Number of factors	Final state of the cell
Even	Close
Odd	Open

There is one interesting fact in Mathematics. The number of factors for a non-perfect square is even and the number of factors for a perfect square is odd. Try to prove this fact. The whole problem is an application of this seemingly incorrect and unheard fact.

i	Number of factors
Non-perfect square	Even
Perfect square	Odd

Therefore the final state of any particular cell can be determined by

i	Final State of the cell
Non-perfect square	Close
Perfect square	Open

Example 1:
Consider cell 12. The cell is initially closed. The factors of 12 are 1, 2, 3, 4, 6 and 12. The state of the cell is changed by the prisoners whose numbers are 1, 2, 3, 4, 6 and 12. As the number of factors of 12 is even, the final state of cell number 12 is 'close'.
Example 2:
Consider cell 16. The cell is initially closed. The factors of 16 are 1, 2, 4, 8 and 16. The state of the cell is changed by the prisoners whose numbers are 1, 2, 4, 8 and 16. As the number of factors of 16 is odd, the final state of cell number 16 is 'open'.

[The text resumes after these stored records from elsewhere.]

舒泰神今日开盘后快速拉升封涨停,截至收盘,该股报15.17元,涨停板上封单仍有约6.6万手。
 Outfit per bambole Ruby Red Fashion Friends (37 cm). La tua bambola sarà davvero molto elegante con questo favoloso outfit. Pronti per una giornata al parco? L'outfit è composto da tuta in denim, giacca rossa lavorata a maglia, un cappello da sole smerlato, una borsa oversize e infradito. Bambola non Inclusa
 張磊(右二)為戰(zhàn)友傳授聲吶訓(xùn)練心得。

i	i	Factors	Number of factors	Final state of the cell
Non-perfect square	12	{1, 2, 3, 4, 6, 12}	Even	Close
Perfect square	16	{1, 2, 4, 8, 16}	Odd	Open

From the above discussions we have seen that prisoners whose numbers are perfect squares in the range [1, 789] were released which constitutes a total of 27 people. As the king Philip II's number was 173, he was not released. May be the king Samudragupta wanted not to release Philip II. So he made this plan. This answers all the questions of the queen.

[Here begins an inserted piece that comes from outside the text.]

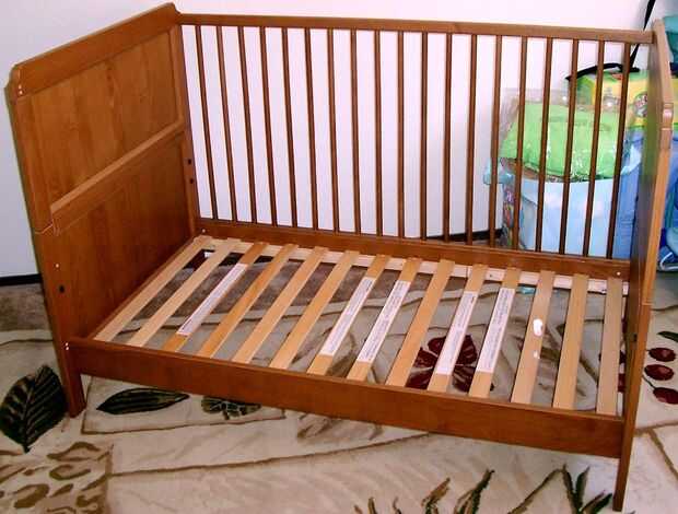 Montar la cuna normalmente, dejando un carril lateral. Este es el tren que se va modificando en un panel deslizante. Para la versión que construí, se montan los paneles de soporte del colchón y la base en su posición más baja (en cuanto a la cama del niño).

On generalizing, if there are n cells, the cells which will be open when the plan is completed are the perfect square numbers in the range [1, n].

In the problem, all the prisoners get a chance to change the state of one or more cells. Let us modify the question a bit. Consider there are n cells and only the first root(n) prisoners are allowed to change the state of the cells and not others. Ex: For 100 cells, only the first 10 prisoners can change the state. For 77 cells, only the first 8 prisoners can change the state. Now find the number of cells which are open when the process completes.

The solution for the problem goes this way. For every cell i, where i E [1, n], the final state is shown. Let f be the number of factors of i.

i	Num of factors	Num of prisoners who change state	Final state
Non-perfect square	f = even	(f/2) = even (f/2) = odd	Close Open
Perfect square	f = odd	((f+1)/2) = even ((f+1)/2) = odd	Close Open

It is an assignment to you to find the formula for the number of factors of a natural number and to prove whatever given in the above table is right.